Grey Room

Letter to an Encyclopedic Museum Curator

Michael Rakowitz

Michael Rakowitz. The Invisible Enemy Should Not Exist (Room F, Section 1, Northwest Palace of Nimrud), 2021. Arabic-English news-papers and food packaging, glue, and cardboard on wooden structure; dimensions variable. Detail. Photo © Arturo Sanchez. Courtesy the artist, Rhona Hoffman Gallery, and the Wellin Museum of Art.

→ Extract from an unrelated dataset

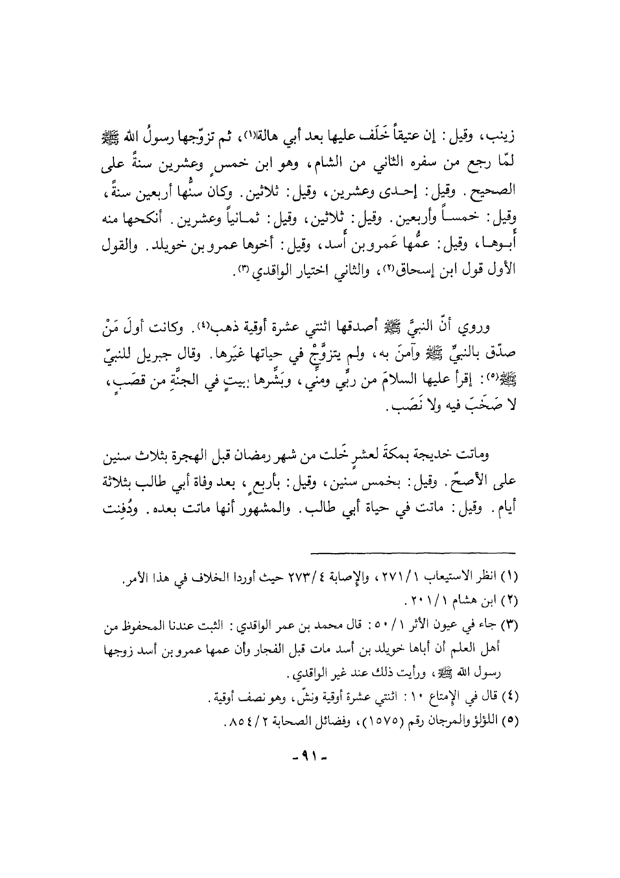 زَيْنَب، وَقيل: إِن عتيقاً خَلَف عَلَيْهَا بعد أبي هَالة، ثمَّ تزوجّها رسولُ الله [صلى الله عَلَيْهِ وَسلم] لما رَجَعَ من سَفَره الثَّانِي من الشَّام، وَهُوَ ابْن خمسٍ وَعشْرين سنة على الصَّحِيح. وَقيل: إِحْدَى وَعشْرين، وَقيل: ثَلَاثِينَ. وَكَانَ سنُّها أَرْبَعِينَ سنة، وَقيل: خمْسا وَأَرْبَعين. وَقيل: ثَلَاثِينَ، وَقيل: ثمانياً وَعشْرين. أنْكحهَا مِنْهُ أَبوها، وَقيل: عمُّها عَمرو بن أَسد، وَقيل: أَخُوهَا عَمْرو بن خويلد. وَالْقَوْل الأول قَول ابْن إِسْحَاق، وَالثَّانِي اخْتِيَار الْوَاقِدِيّ.

In January 2020, Claire Bishop and Nikki Columbus published a speculative review of the newly expanded Museum of Modern Art (MoMA). Their positive assessment of the MoMA we should have versus the one we got opened up a new territory where criticism and visionary architecture met. Visionary architecture, while often optimistically broadcasting a desire, is simultaneously rooted in inevitable failure. Typically relegated to models or drawings due to the laws of the city or the laws of gravity, the residual idea nevertheless demands a culture capable of bringing about its existence. When we demand radical change, we are often asked, “What will that look like?” So, I wanted to share with you a proposal that tries to show that the visionary need not just be speculative. Versions of this proposal are now being seriously considered by several institutions. The proposal has been made in light of the many recent initiatives at encyclopedic museums to invite artists from postcolonial countries to make work in dialogue with antiquities. In response to an invitation from a major American museum to display some of the panels from my project The Invisible Enemy Should Not Exist, I sent the following letter.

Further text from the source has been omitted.